When things might get totally out of hand it’s best to stand idly by
Tampering with such material is a criminal offence and it means that somebody within the department could be guilty of collusion in what Mr Justice Henry Barron described as “the most devastating attack on the civilian population of this State to have taken place since the Troubles began”.
The report was particularly critical of the role played not only by the gardaí, which is understandable in the circumstances, but also of the part played by Liam Cosgrave’s government in the aftermath of the car bombings.
In December 1972, Cosgrave’s leadership of Fine Gael was saved by a bomb which killed two CIÉ workers near Liberty Hall. He was insisting on backing a government amendment to the Offences Against the State Act, even though only one other member of his party was supporting him.
Nobody who knows anything about Liam Cosgrave would think or suggest for a moment that he was engaged in any kind of collusion with the bombers. His leadership was only in danger because of his determination to support the efforts of Jack Lynch’s government to strengthen the Offences Against the State Act.
Some on the liberal wing of Fine Gael wished to exploit the situation for their own political purposes. They would undoubtedly have toppled him but for the intervention of a bomb, which prompted them to get back in line. Cosgrave was “the man who stood firm and had, in tragic circumstances, been proved right”, Garret FitzGerald later noted.
Jack Lynch has been credited with saving the country from a possible civil war. This was in the aftermath of Bloody Sunday, not during the Arms Crisis, when his leadership left a lot to be desired. The real crisis point for the Republic occurred on the night the British embassy was burned down. In those hours the country stood on the verge of the conflict and could so easily have been dragged in, were it not for the exquisite inactivity of the Taoiseach. People who would now describe themselves as moderates believed then that it was time for the country to get involved. Lynch saved us that night by standing idly by.

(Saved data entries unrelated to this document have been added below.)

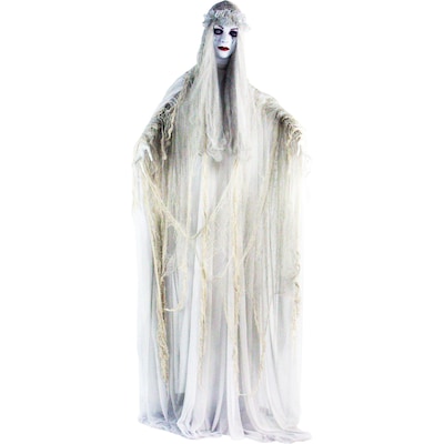 - 5.6 ft. animatronic haunted bride for indoor and covered outdoor display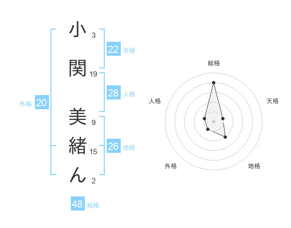 小関 美緒んさんを姓名の画数から五運を鑑定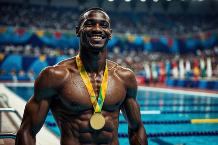 AI Generative Awarding champion winners in sports swim in pool, summer Olympic games competitions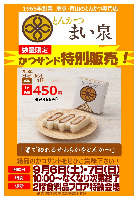 東京・青山のとんかつ専門店 まい泉の「かつサンド」を期間限定販売!!

If he had called out the army to protect the British embassy, somebody would probably have been killed and passions would have been roused even further. By doing nothing, however, the government sacrificed the British embassy. The burning acted as a kind of safety valve, allowing people to let off steam.
I have never heard anybody compare the reaction to Bloody Sunday in Derry with the mood that prevailed following the Dublin and Monaghan car bombings. In one case there was outrage and the other was just shock. Of the two incidents, the car bombings were more than twice as lethal. This would have provided an ideal opportunity for an unprincipled politician to rouse public passions, but Cosgrave took the Lynch line of moderation. Now he is being criticised.
If the Taoiseach had tried to rouse people, he could easily have done so, because the British had been behaving in such a way that all too many would have been ready to conclude that they were behind the bombings.
Little over a year earlier Keith and Kenneth Littlejohn had been exposed as British intelligence agents, but they had turned rogue and gone into their own freelance robbery business. In October 1972 they were part of a gang that robbed a bank in Dublin.
WHEN the Irish Government sought their extradition from Britain a couple of months later, the British insisted that they should not be tried for any political offences that they might have committed. London privately admitted that the two were rogue agents.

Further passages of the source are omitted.